§ WHAT THE TASK ASKS
Write out, exactly and only, the lines that run from the top of the records to the line with "Une rencontre de". Include both ends; exclude pictures.
DATA IN THIS EXERCISE Start Marker
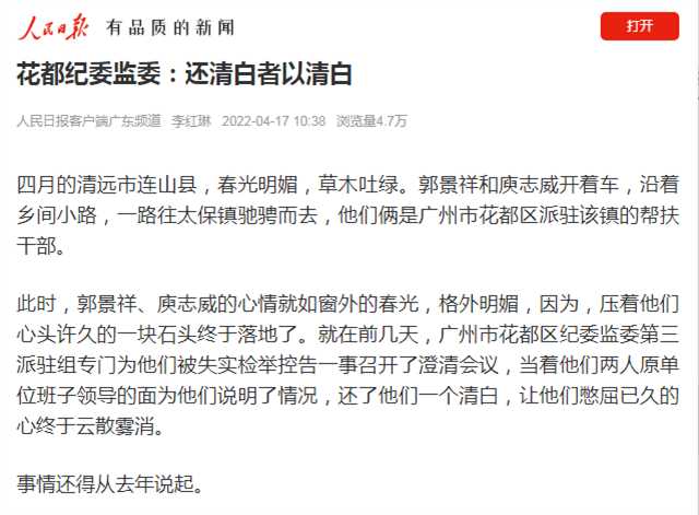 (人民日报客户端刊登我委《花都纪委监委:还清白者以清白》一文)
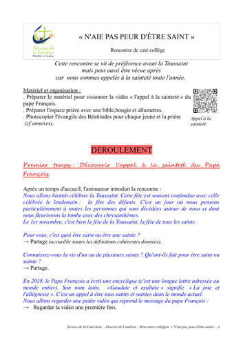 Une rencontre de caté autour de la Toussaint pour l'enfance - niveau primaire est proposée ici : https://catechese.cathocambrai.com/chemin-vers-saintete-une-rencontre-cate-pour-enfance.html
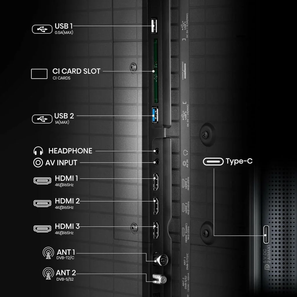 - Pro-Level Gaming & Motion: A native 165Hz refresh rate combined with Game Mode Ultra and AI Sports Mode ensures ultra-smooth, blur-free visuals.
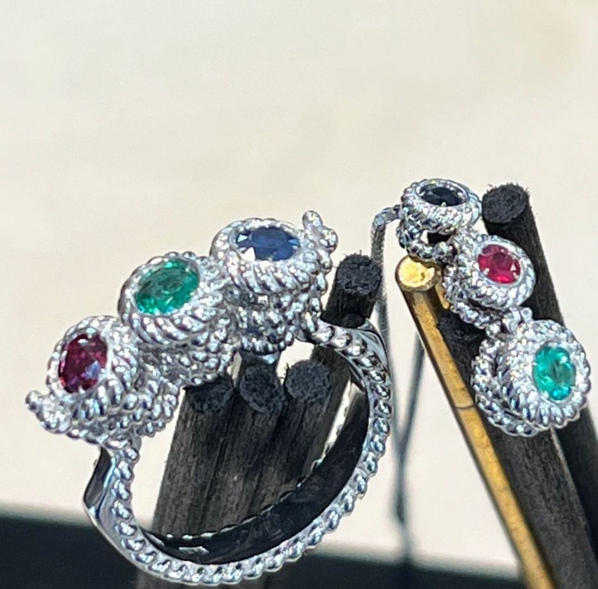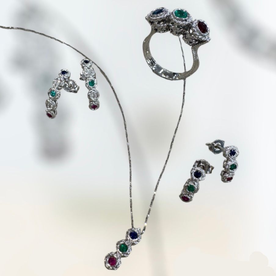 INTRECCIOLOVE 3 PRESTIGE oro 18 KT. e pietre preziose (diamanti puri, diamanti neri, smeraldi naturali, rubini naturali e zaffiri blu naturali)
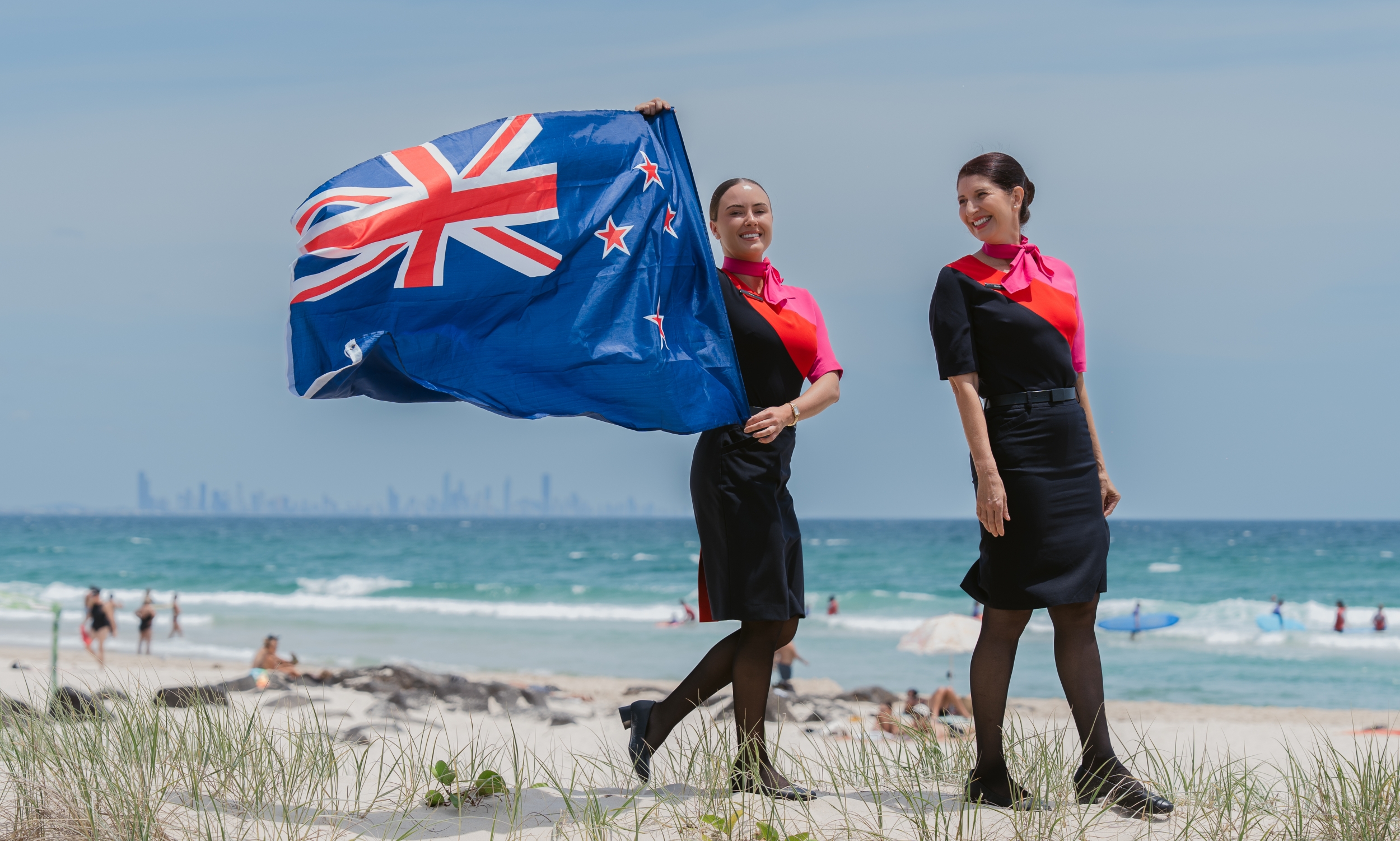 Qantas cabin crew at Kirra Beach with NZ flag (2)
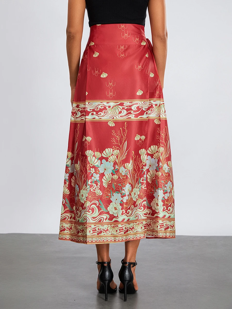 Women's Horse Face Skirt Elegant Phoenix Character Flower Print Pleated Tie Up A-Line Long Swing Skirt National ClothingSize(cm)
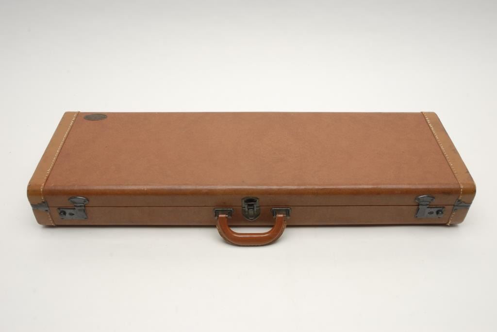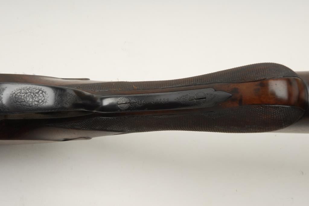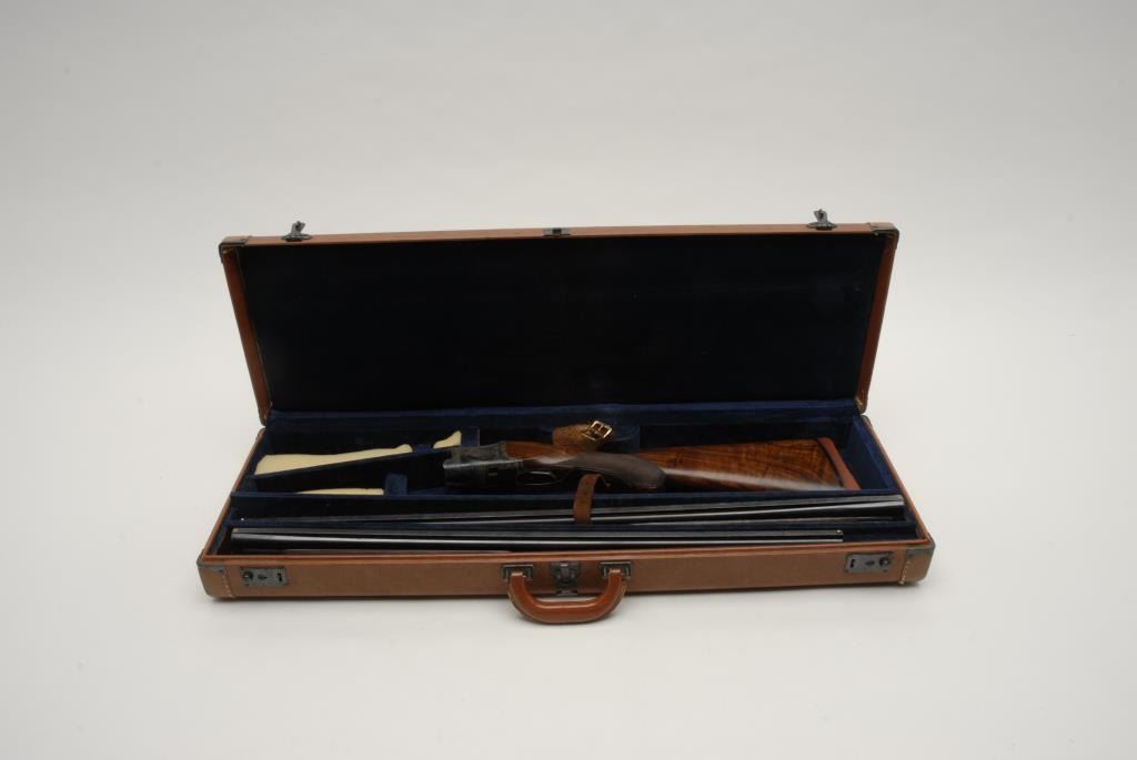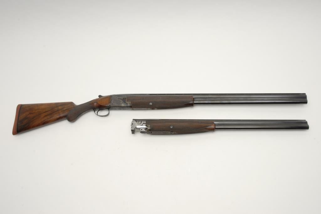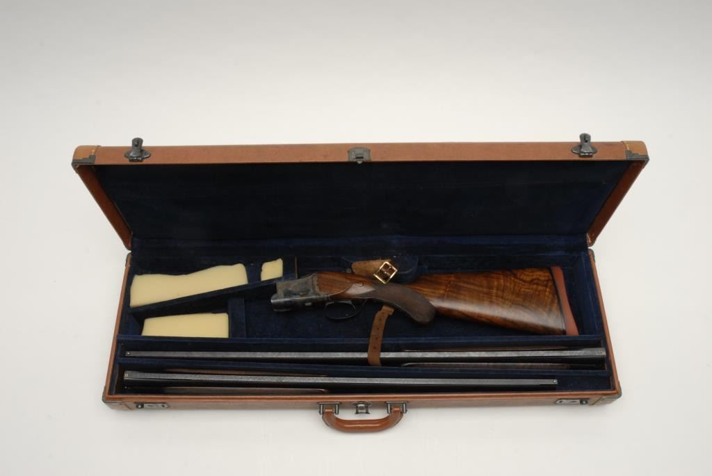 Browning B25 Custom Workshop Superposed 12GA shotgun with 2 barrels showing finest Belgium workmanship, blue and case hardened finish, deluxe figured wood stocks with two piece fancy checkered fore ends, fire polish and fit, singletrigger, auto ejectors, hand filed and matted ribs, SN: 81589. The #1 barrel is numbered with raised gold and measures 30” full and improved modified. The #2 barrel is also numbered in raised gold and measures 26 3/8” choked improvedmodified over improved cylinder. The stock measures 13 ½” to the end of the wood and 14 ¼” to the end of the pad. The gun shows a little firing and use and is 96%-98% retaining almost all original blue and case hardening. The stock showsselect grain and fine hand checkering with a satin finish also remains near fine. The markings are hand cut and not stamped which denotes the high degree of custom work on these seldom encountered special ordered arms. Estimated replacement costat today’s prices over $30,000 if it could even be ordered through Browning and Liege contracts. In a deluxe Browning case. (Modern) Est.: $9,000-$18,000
DATA IN THIS EXERCISE End Marker
§ RESPONSE
 (人民日报客户端刊登我委《花都纪委监委:还清白者以清白》一文)
 Une rencontre de caté autour de la Toussaint pour l'enfance - niveau primaire est proposée ici : https://catechese.cathocambrai.com/chemin-vers-saintete-une-rencontre-cate-pour-enfance.html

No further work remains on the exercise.